Task to carry out. Exactly the lines below from the line with "欧米人風あだ名 | 『ケンブリッジおさないこうへい』 |" through the line with "Hacılar, namaz vaktini" must make up the answer, both ends included and pictures left out.

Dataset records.

[Start of section]

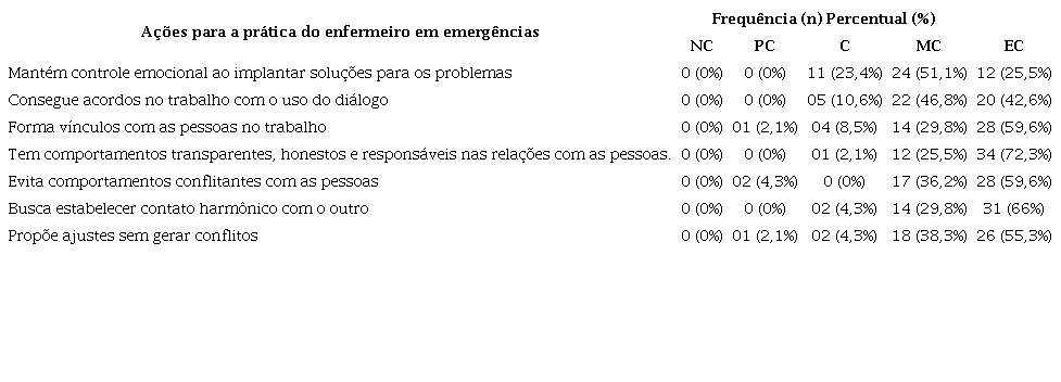 Nessa direção, os enfermeiros se autoavaliaram no domínio ''Relações no trabalho'' como ''muito competente'' ou ''extremamente competente'' em todas as ações como descrito na tabela 1.
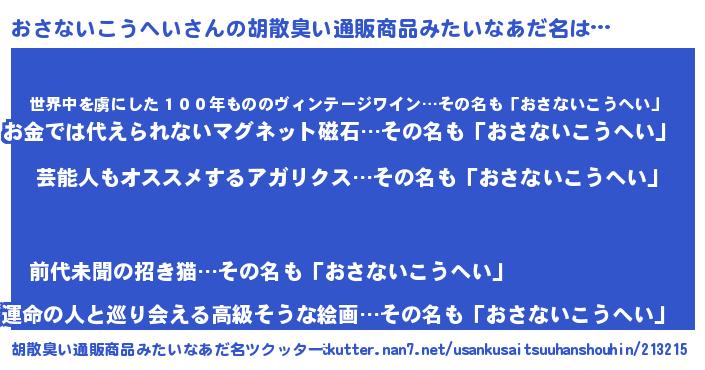 | 欧米人風あだ名 | 『ケンブリッジおさないこうへい』 |
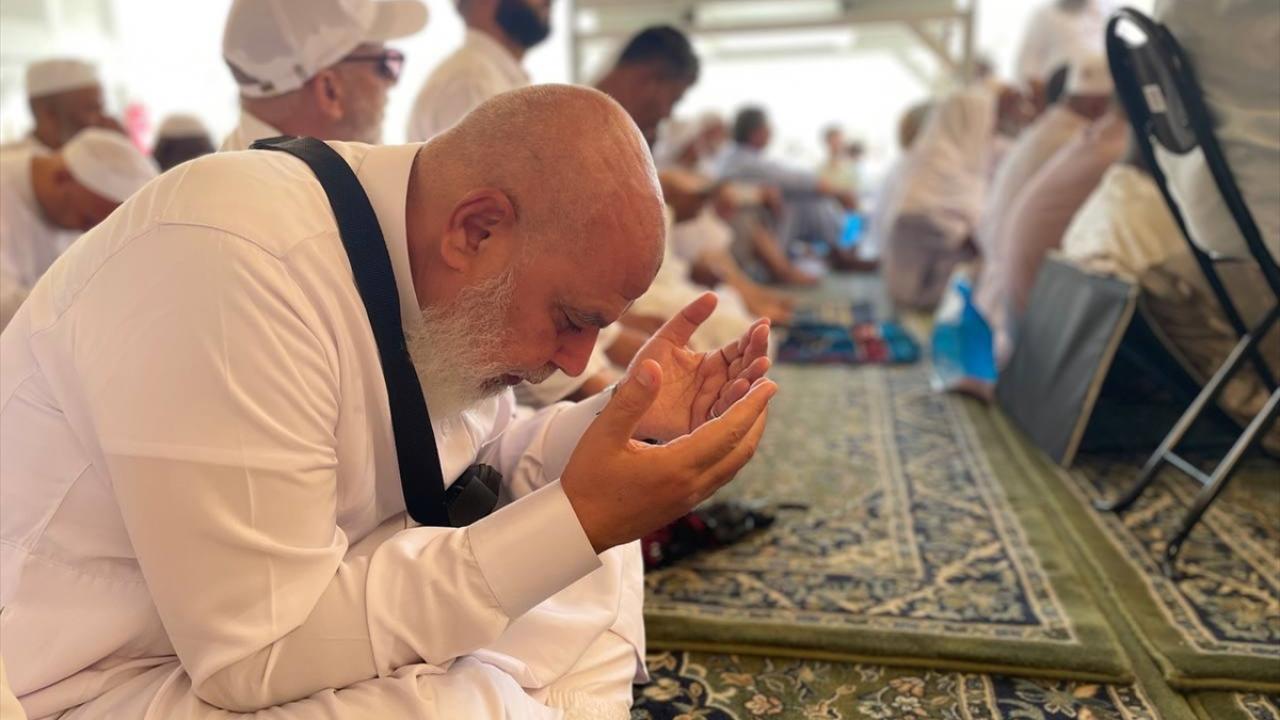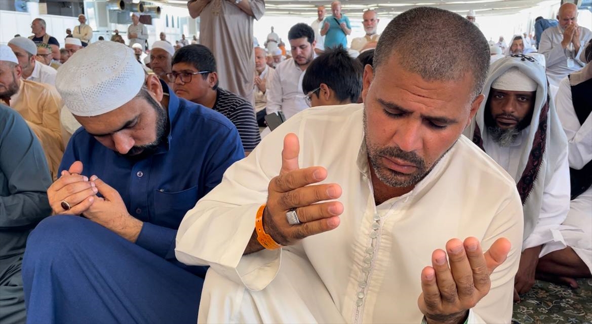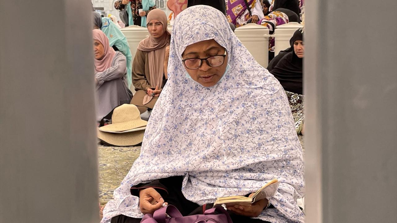 Hacılar, namaz vaktini beklerken Kur`an okuyup dua etti.
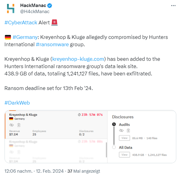 Kreyenhop & Kluge ist Opfer der Hunters International Ransomware-Gang geworden. Das geht aus nachfolgendem Tweet hervor, in dem mich HackManac über den Vorfall informiert hat. Die Hunters International Ransomware-Gruppe gibt an, 438,9 GB an Daten, insgesamt 1.241.127 Dateien, bei der Infektion abgezogen zu haben. Als Frist zur Zahlung eines Lösegeld wurde der 13. Februar 2024 festgelegt.
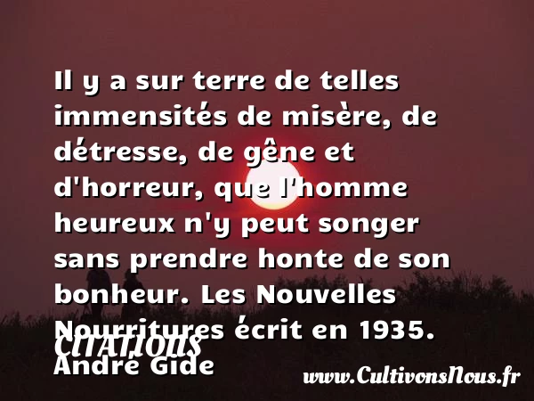 Il y a sur terre de telles immensités de misère, de détresse, de gêne et d’horreur, que l’homme heureux n’y peut songer sans prendre honte de son bonheur.

[End of section]

Completed task.
 | 欧米人風あだ名 | 『ケンブリッジおさないこうへい』 |
 Hacılar, namaz vaktini beklerken Kur`an okuyup dua etti.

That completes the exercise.